В 1817 году, в 300-летний юбилей реформационного выступления Лютера, представилась возможность показать себя. Разве Лютер не восстал против «папистов»? Разве не он подарил немецкому народу литературный немецкий язык?

Чтобы почтить его память, представители недавно возникших буршеншафтов собрались у стен Вартбурга и там, охваченные единым порывом воодушевления, поклялись содействовать приближению великого часа освобождения немецкого народа. Вечером 18 октября 1817 года они совершили акт сожжения ненавистных книг — событие, которое одни рассматривали как символ благородных устремлений, а другие — как тревожное предвестие грядущей опасности. В действительности же были сожжены несколько связок макулатуры, в частности, «Восстановление государственных наук» Халлера, «Немецкая история» Коцебу, «Кодекс Наполеона», «Жандармский кодекс» начальника прусской полиции фон Кампца, сочинения Козегартена, Иммермана и Захарии Вернера; под конец в костер полетели корсет прусского улана, гессенская солдатская косичка и палка австрийского капрала.

Вокруг этого Вартбургского праздника и совершенного на нем аутодафе разгорелась ожесточенная полемика: буршеншафты, гимнастическое движение, патриотизм, германофильство вдруг оказались в центре внимания — в том числе и официальных властей.

Желанный повод для репрессий власти получили, когда 23 марта 1819 года член студенческой корпорации Занд убил писателя Коцебу. Поскольку Коцебу регулярно отправлял в Санкт-Петербург отчеты о литературе и общественном мнении в Германии, среди «буршей» он считался русским шпионом, а его насмешки по адресу германофильства и демократии стяжали ему славу «княжеского холуя». «Вот тебе, предатель Отечества!» — с такими словами Занд вонзил кинжал в уже немолодого Коцебу в его квартире в Мангейме.

Полагали, что за этим убийством стоит разветвленный заговор, в действительности несуществовавший.

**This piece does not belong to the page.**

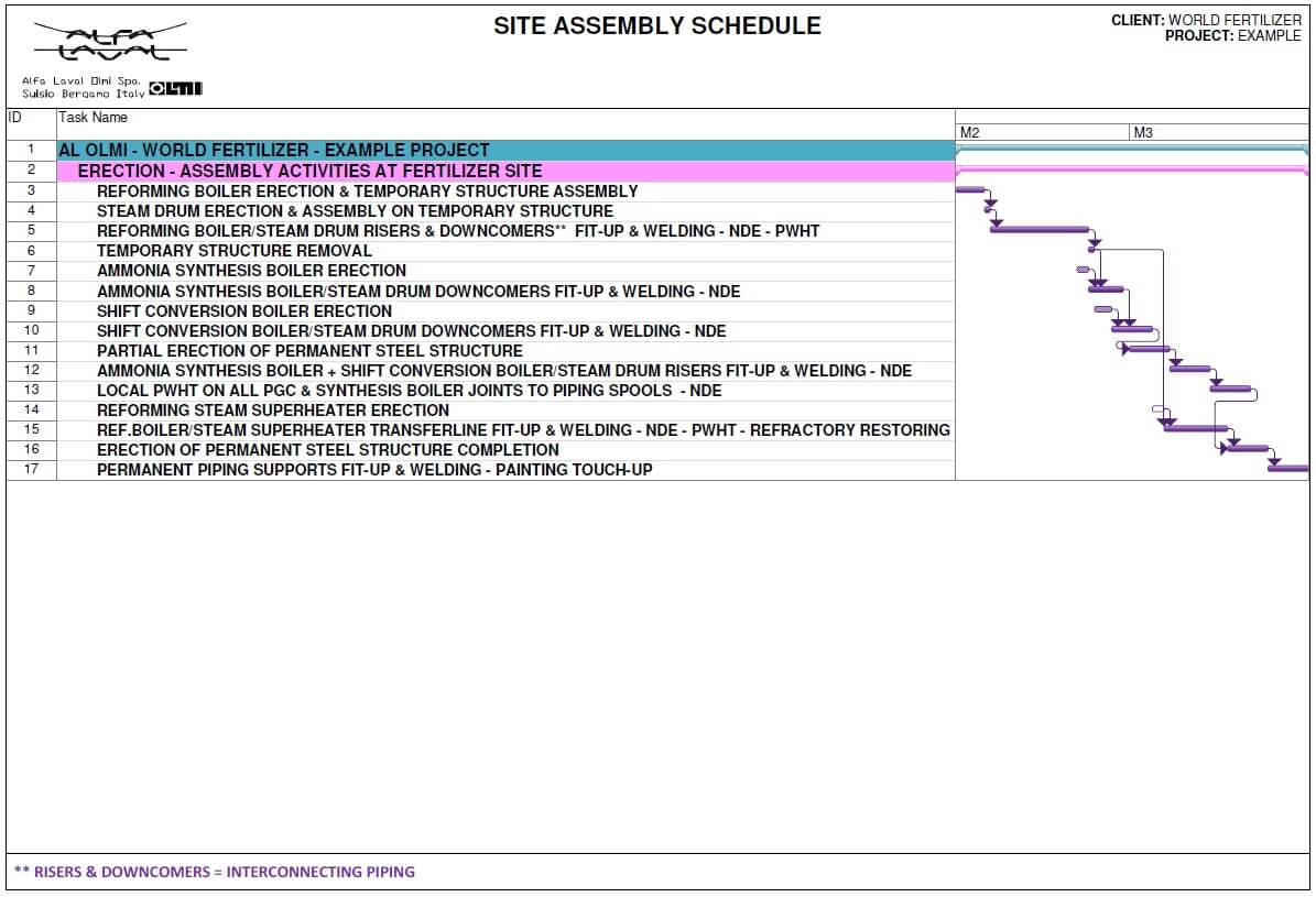 Figure 3. Site assembly schedule.
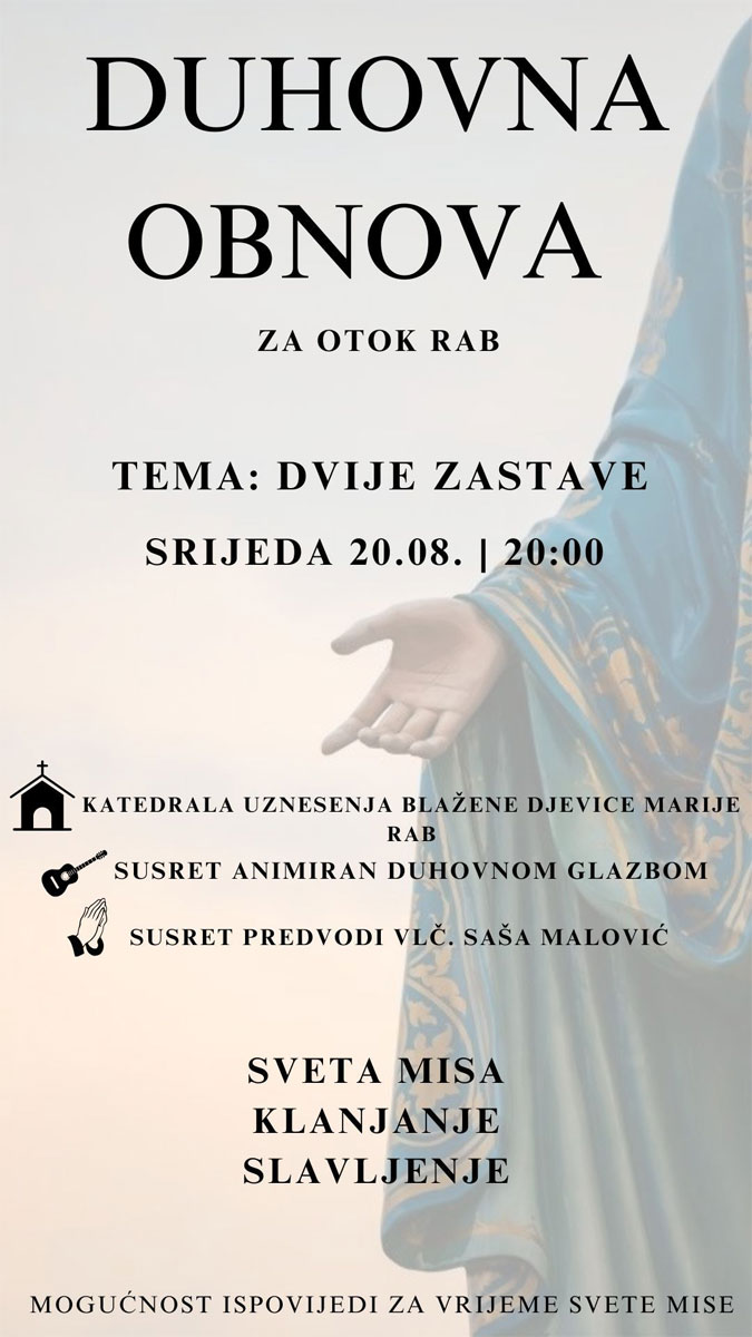 U srijedu, 20. kolovoza 2025. s početkom u 20:00 sati u Katedrali Uznesenja Blažene Djevice Marije u Rabu održat će se još jedan susret duhovne obnove za otok Rab.

В его центре якобы находились считавшиеся особенно радикальными буршеншафты в Гисене (так называемые «Черные») и Йене («Безусловные»). Их главарем называли Карла Фоллена. Как-никак именно этот горячий молодой человек, позднее боровшийся в Северной Америке за освобождение рабов, написал строки: «Нож свободы обнажен! Ура! Кинжалом горло пронзено». В Йене, где распевали зажигательные песни Фоллена, среди буршей соблюдался так называемый «принцип ножа и вилки», согласно которому полагалось носить под одеждой патриотический кинжал, освященный клятвой. Члены буршеншафтов вынашивали весьма своеобразные планы. Они, например, намеревались собрать массу народа на поле близ Лейпцига, где в 1813 году произошла Битва народов, и провозгласить республику. Когда русский император Александр посетил Йену, дебатировался вопрос о его убийстве. Правда, вопрос этот был поднят лишь после того, как царь покинул Йену.

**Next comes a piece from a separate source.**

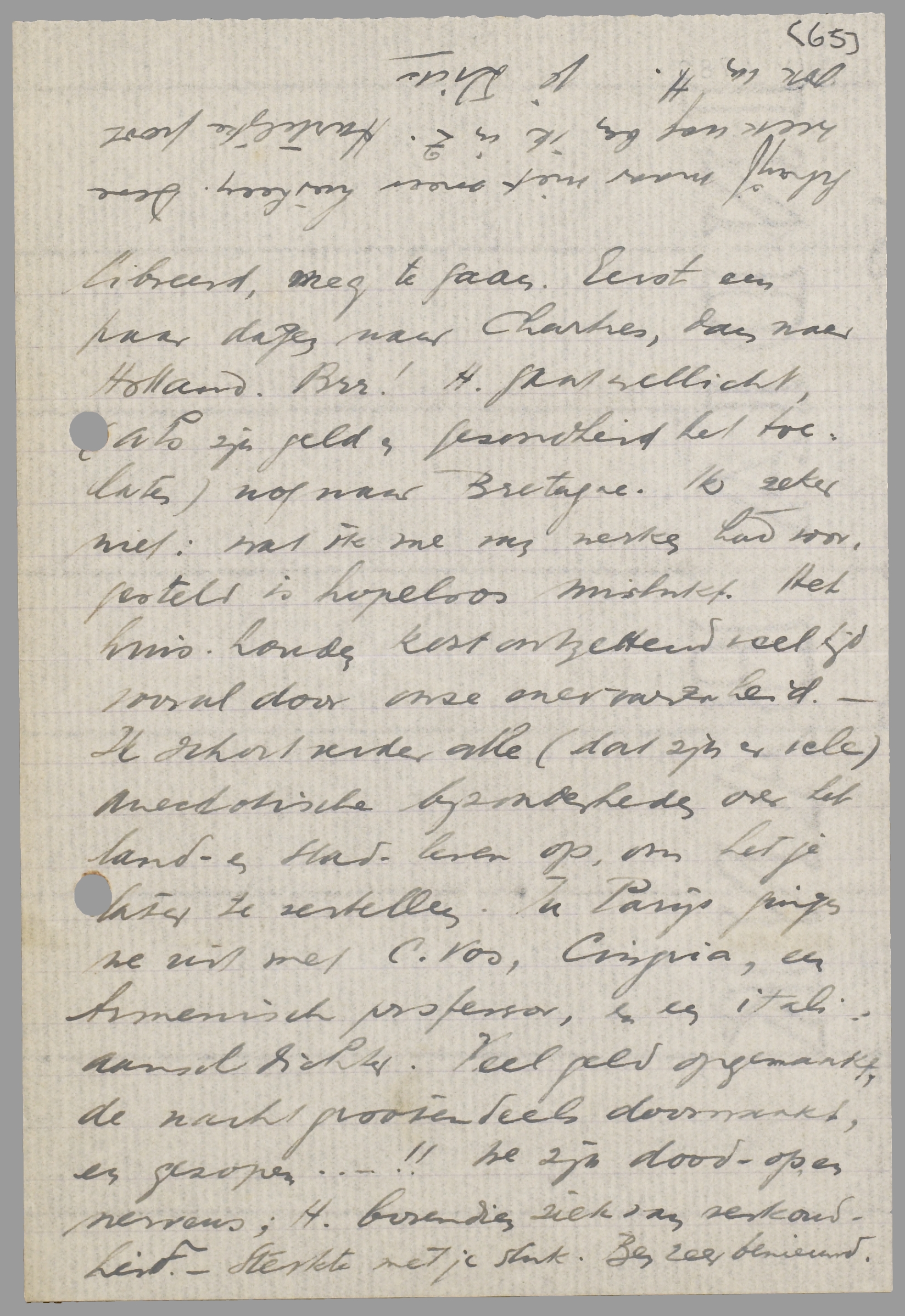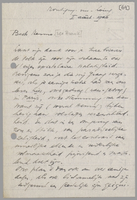 Ons plan is dan ook om over eenige dagen, als we lichamelijk wat zijn uitgerust, en feestelijk zijn geëquilibreerd, weg te gaan. Eerst een paar dagen naar Chartres, dan naar Holland. Brr! H. gaat wellicht (als zijn geld en gezondheid het toelaten) nog naar Bretagne. Ik zeker niet: wat ik me van werken had voorgesteld is hopeloos mislukt. Het huis-houden kost ontzettend veel tijd, vooral door onze onervarenheid. - Ik schort verder alle (dat zijn er vele) anecdotische bijzonderheden over het land- en stad- leven liever op, om het je later te vertellen. In Parijs gingen we uit met C. Vos, Cingria, een Armenisch professor, en een Italiaansch dichter. Veel geld opgemaakt, de nacht grootendeels doorwaakt en gezopen...!! We zijn dood-op en nerveus; H. bovendien ziek van verkoudheid. - Sterkte met je stuk. Ben zeer benieuwd. Schrijf maar niet meer hierheen. Deze week nog ben ik in Z.

В этом поколении весьма популярны были представления об убийстве тирана. Еще несколько лет назад с шиллеровским пафосом во имя любви к отчизне мечтали заколоть кинжалом Наполеона. Теперь на очереди были вдохновители Священного союза. Фридрих фон Генц в Вене настолько боялся покушения, что даже Меттерних не смог удержаться от того, чтобы подшутить над своим придворным публицистом: он велел посылать ему поддельные письма с угрозами.

Однако после убийства Коцебу игра воспаленного политического воображения сделалась кровавой реальностью. Это дало властям хороший повод выступить против оппозиционных течений. Началась так называемая «немецкая осень». Уважаемые профессора, вдохновители «немецкого восстания» 1813 года, такие как Арндт, Окен и Фрис, были уволены со службы. Ян подвергся аресту. Каждый член буршеншафта был на подозрении. Ужесточили цензуру печати, письма вскрывались, собрания были запрещены. Публикации последних лет были специально просмотрены, чтобы выявить «опасных субъектов» среди публицистов.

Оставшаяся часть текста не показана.